Magicoder: Empowering Code Generation with OSS-Instruct

Read original: arXiv:2312.02120 - Published 6/10/2024 by Yuxiang Wei, Zhe Wang, Jiawei Liu, Yifeng Ding, Lingming Zhang

128

🛸

Overview

Magicoder is a series of open-source Large Language Models (LLMs) for code that rival top code models while having just 7B parameters or fewer.
The models are trained on 75K synthetic instruction data using OSS-Instruct, a novel approach that uses open-source code snippets to generate diverse training data.
The goal is to mitigate bias in synthetic data by leveraging the wealth of open-source references to produce more realistic and controllable data.
The Magicoder models, including the enhanced MagicoderS, substantially outperform state-of-the-art code models on a wide range of coding benchmarks, even surpassing ChatGPT on certain tasks.
OSS-Instruct opens a new direction for creating diverse synthetic instruction data for code using open-source resources.

Plain English Explanation

Magicoder is a collection of powerful AI models for writing code that are freely available for anyone to use. These models are trained on a large amount of synthetic (artificially created) data using a new approach called OSS-Instruct. OSS-Instruct taps into the wealth of open-source code snippets online to generate diverse and realistic training data for the models.

The key idea is to overcome the inherent biases that can creep into synthetic data generated by AI models. By drawing on the vast repository of real-world code examples, Magicoder models can learn to write code that is more natural and applicable to real-world problems.

Despite being smaller in size compared to other top code models, the Magicoder series, especially the enhanced MagicoderS, outperforms these larger models on a wide range of coding tasks. In fact, one of the Magicoder models even surpasses the well-known ChatGPT on certain benchmarks.

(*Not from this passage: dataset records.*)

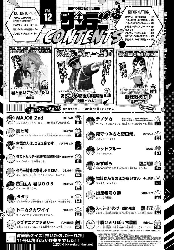 ウィッチ・あかね・サカモトくらいしか読んでないな 他週刊3誌のが読める作品多いわ
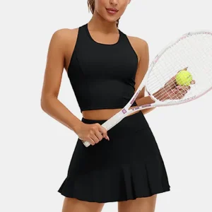 2 Piece Tennis Dresses for Women with Shorts and Pockets Golf Workout Outfits Skirts Sets Black
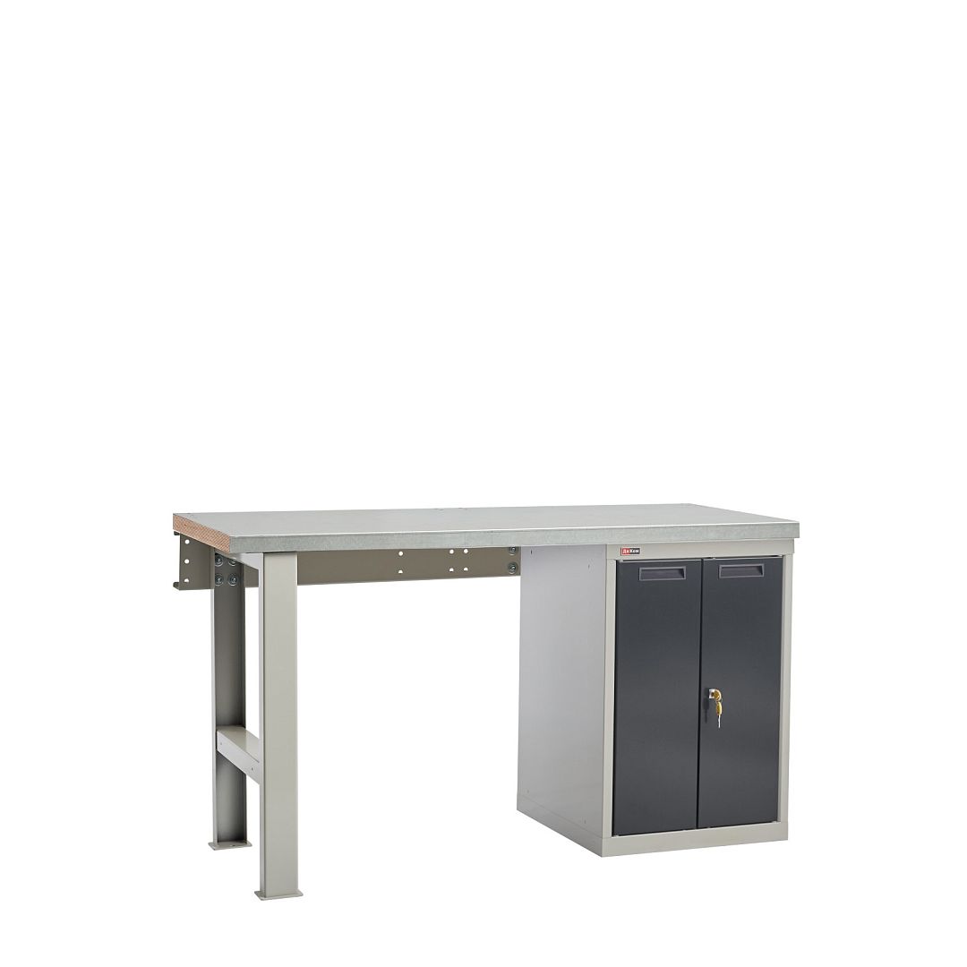 Верстак слесарный на опоре и тумбе со стяжкой. Тумба с распашными дверцами (без полок). Распределённая нагрузка на рабочую поверхность верстака - 2000 кг.
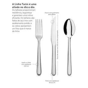 Talheres ideais para o seu dia a dia. Jogo de 12 Facas de mesa em aço inoxidável Turim Brinox. Fácil de limpar, guardar e ir a mesa com brilho e durabilidade. A Faca de mesa da linha Turim proporciona o brilho, a resistência e a segurança do aço inoxidável, garantindo uma rotina eficiente.A linha Turim é uma aliada para o dia a dia, proporcionando resistência, segurança e garantem uma rotina eficiente. Os talheres são feitos de aço inox com acabamento polido, e os cabos apresentam friso que é a marca da linha!
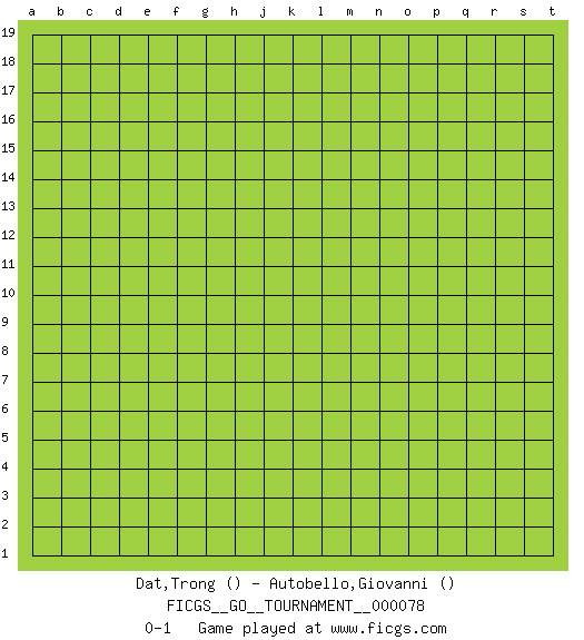Last move : 0-1 2021 January 31 14:10:57 [Event "FICGS__GO__TOURNAMENT__000078"] [Site "FICGS"] [Date "2021.01.01"] [Round "1"] [Black "Dat,Trong"] [White "Autobello,Giovanni"] [Result "0-1"] 0-1 This go game has been lost on time (started : 2021.01.01 1:22:3) Here are the names of the openings (joseki) played in the four corners : Player White won this Go (weiqi, baduk) game. Follow this game move after move (download)Big groups never die. (Anonymous) At work, the authority of a person is inversely proportional to the number of pens that person is carrying. (Dan Rotaru)
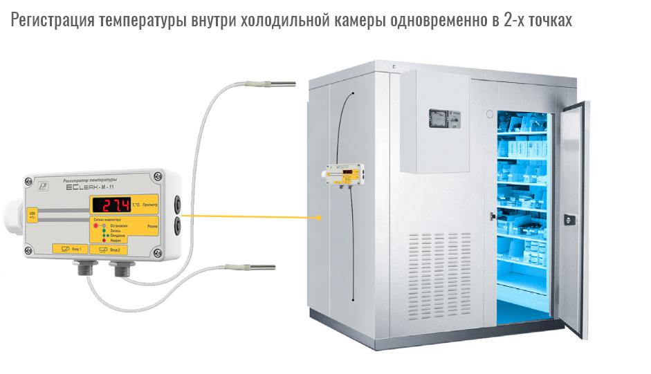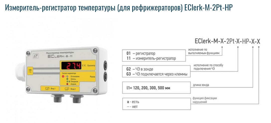 Описание Измеритель-регистратор температуры (для рефрижераторов) EClerk-M-2Pt-HPизмерение температуры в 2-х точках;• 2 канала • функция фиксации нарушения • диапазон измерения температуры –50…+200°С • объём памяти не менее 500000 значений • точность от ±(0,2+0,001Т) • герметичный корпус • яркий светодиодный индикатор (опция) • диапазон температуры эксплуатации –40…+55°С • современное ПО на 2-х языках для работы с данными • возможность записи с временными интервалами ![]() Измерители – регистраторы температуры автономные (терморегистраторы) серии EClerk–М в герметичном пластмассовом корпусе оптимально подходят для применения в рефрижераторах, а также для измерений (совместно с первичными измерительными преобразователями) температуры жидкостей, газов и сыпучих продуктов и записи результатов измерений во внутреннюю память прибора с последующей обработкой полученной информации на персональном компьютере. Благодаря герметичному корпусу приборы можно применять в запылённых, неотапливаемых помещениях. Регистраторы температуры могут использоваться для мониторинга условий перевозки в транспортных средствах, в том числе в грузовых автомобилях, рефрижераторах, железнодорожных вагонах, в том числе при перевозке лекарственных препаратов. Измерители - регистраторы EClerk–М-2Pt-HP снабжены герметичными разъёмами с винтовым зажимом внешних выводов для подключения внешних термопреобразователей сопротивления типа НСХ Pt1000. Для настенного монтажа приборов рекомендуем использовать кронштейн. Регистрация значений параметров температуры осуществляется: – в автономном режиме; – в режиме «Online» с подключением к USB–порту персонального компьютера. Терморегистратор EClerk-M в зависимости от наличия или отсутствия светодиодного индикатора выполняет функции: регистратора (нет индикатора, есть память), измерителя - регистратора (есть индикатор, есть память). Для терморегистратора, имеющего функцию фиксации нарушений, при настройке можно добавить верхнюю и нижнюю границу измеряемого параметра и максимально разрешённое время нахождения вне этих границ, свидетельствующее о нарушении. Если при работе прибора измеряемый параметр находился вне установленных границ дольше заданного времени, на приборе со светодиодным индикатором фиксируется метка нарушения. Метку нарушения можно снять только при переконфигурировании прибора и удалении из него всех записанных данных. При анализе данных и формировании Отчёта для данного прибора действует защита от изменения настроек нарушения. ![]() Программное обеспечение Перед использованием терморегистратора его необходимо настроить. Для этого скачайте на свой ПК программу EClerk v.2 и подключите прибор при помощи прилагаемого USB кабеля. Управление прибором осуществляется кнопкой с правой стороны корпуса. После окончания процесса регистрации при помощи ПО EClerk v.2 можно проанализировать полученные данные, подготовить и распечатать Отчёт. ![]() Возможности ПО • настройка (конфигурирование) прибора; • работа с файлами данных; • работа в режиме Online (USB–измеритель); • фильтрация по максимальному и минимальному значению, по времени; • представление данных в виде таблицы и графика; • высокая разрешающая способность представления данных; • подготовка Отчёта; экспорт в Excel; • русский и английский язык; • возможность юстиров
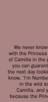 a:  Yes, well we never know when we're going to get a picture with the Princess because if there was a good shot of Camilla in the paper looking good and sexy, then you can guarantee that the Princess would be out the next day looking even sexier, sort of saying, you know, 'I'm Number One.' So it used to be like a call in the wild sort of thing. You know you'd see a picture of Camilla, and you know where to go the next day because the Princess would be giving out pictures.
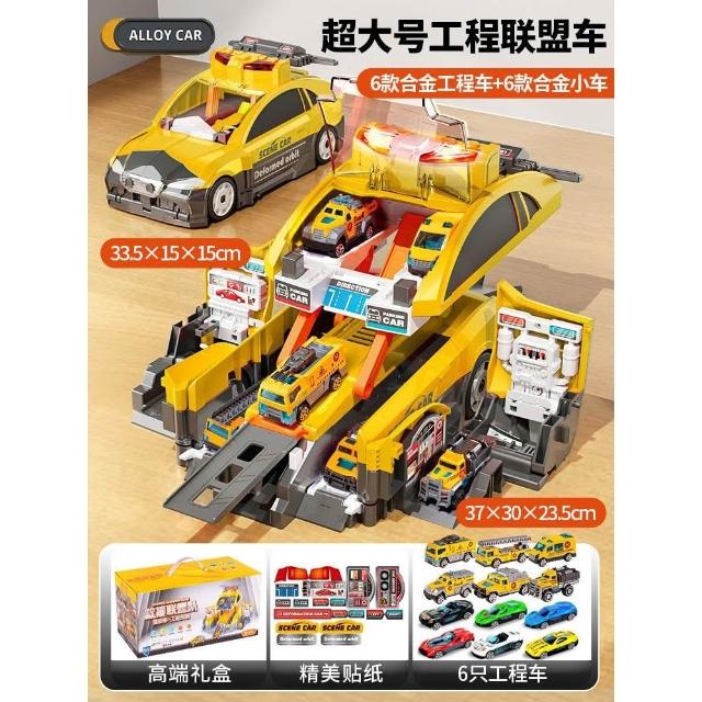 新款兒童收納場景消防警車變形彈射軌道停車場聲光益智模型玩具車

Overall, the Magicoder project demonstrates a new and promising way to create powerful AI assistants for coding by leveraging the abundance of open-source code available online. This could have significant implications for improving the capabilities of code generation models and harmonizing the elicitation of code capabilities in the future.

Technical Explanation

The researchers introduce Magicoder, a series of open-source Large Language Models (LLMs) for code that rival top code models while having no more than 7 billion parameters. These Magicoder models are trained on 75,000 synthetic instruction data using a novel approach called OSS-Instruct.

OSS-Instruct leverages the wealth of open-source code snippets available online to generate diverse and realistic training data for the models. This is in contrast to more traditional methods of generating synthetic data, which can sometimes lead to inherent biases. By drawing on real-world code examples, the Magicoder models can learn to generate code that is more applicable to practical problems.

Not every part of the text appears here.